In the 1920s, York formed the Alvin C. York Foundation with the mission of increasing education opportunities in his region of Tennessee. Board members included the area's congressman, Cordell Hull, who later became secretary of state under President Franklin D. Roosevelt, Secretary of the Treasury William G. McAdoo, and Tennessee Governor Albert Roberts. Plans called for a non-sectarian institution providing vocational training to be called the York Agricultural Institute. York concentrated on fund-raising, though he disappointed audiences who wanted to hear about the Argonne when he instead explained that "I occupied one space in a fifty mile front. I saw so little it hardly seems worthwhile discussing it. I'm trying to forget the war in the interest of the mountain boys and girls that I grew up among." He fought first to win financial support from the state and county, then battled local leaders about the school's location. Refusing to compromise, he resigned and developed plans for a rival York Industrial School. After a series of lawsuits he gained control of the original institution and was its president when it opened in December 1929. As the Great Depression deepened, the state government failed to provide promised funds, and York mortgaged his farm to fund bus transportation for students. Even after he was ousted as president in 1936 by political and bureaucratic rivals, he continued to donate money.
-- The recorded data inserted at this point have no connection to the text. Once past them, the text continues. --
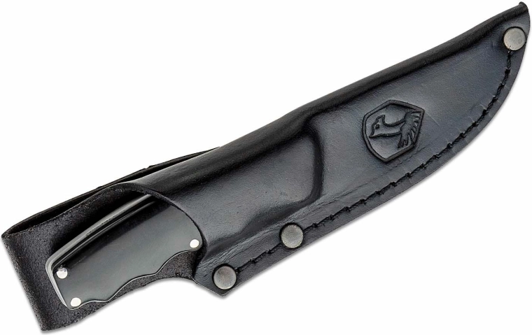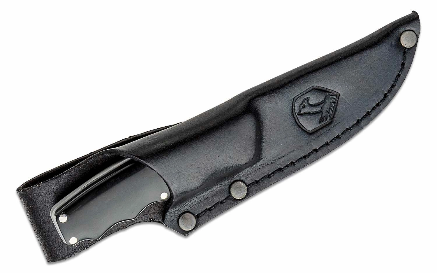 Mânerul din compozit durabil G10, în culoare neagră, oferă o prindere sigură și confortabilă chiar și cu mănuși sau pe timp umed. Pachetul include un toc din piele de calitate pentru purtare sigură și stilată la curea.
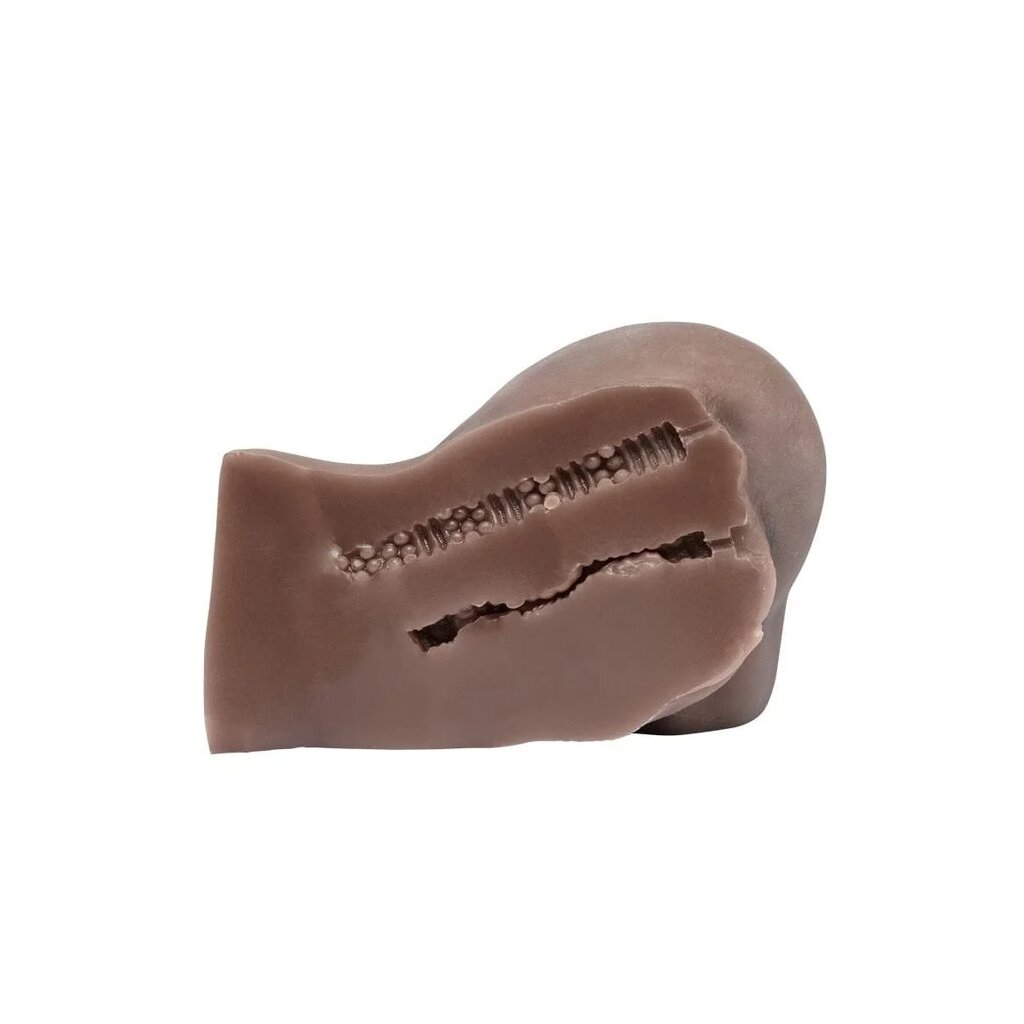 Her anal tunnel offers a tight entrance followed by rings and beads that slide smoothly along your shaft, perfect for steady and intense stimulation. Her vaginal tunnel is a true highlight: three cervix-like gates create increasing levels of pressure and texture, pulling you deeper into her body with every stroke.
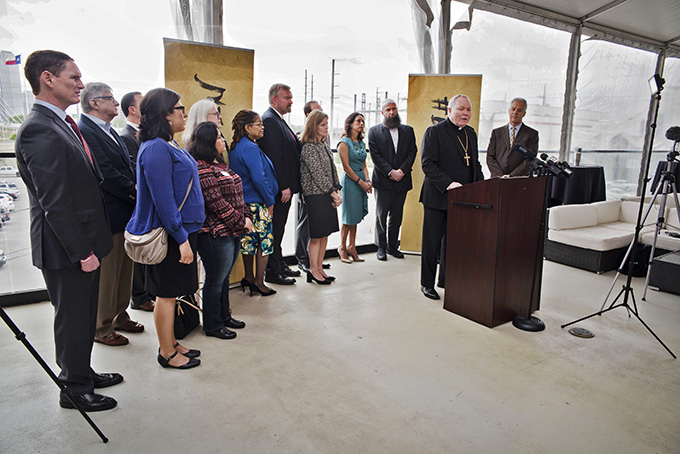 Bishop Edward J. Burns cited the words of Scripture, Pope Francis and the Statue of Liberty’s inscription in unveiling an initiative on April 6 that encourages North Texans to take to heart and practice the “Golden Rule” in their treatment of all people.

During World War II, York attempted to re-enlist in the Army, however at fifty-four years of age, overweight, near-diabetic, and with evidence of arthritis, he was denied enlistment as a combat soldier. Instead, he was commissioned a major in the Army Signal Corps and he toured training camps and participated in bond drives in support of the war effort, usually paying his own travel expenses. Gen. Matthew Ridgway later recalled that York "created in the minds of farm boys and clerks...the conviction that an aggressive soldier, well trained and well armed, can fight his way out of any situation." He also raised funds for war-related charities, including the Red Cross. He served on his county draft board, and when literacy requirements forced the rejection of large numbers of Fentress County men, he offered to lead a battalion of illiterates himself, saying they were "crack shots." Although York served during the war with the honorary rank of Colonel in the Army Signal Corps and as a Colonel with the Seventh Infantry of the Tennessee State Guard, newspapers continued to refer to him as "Sgt. York."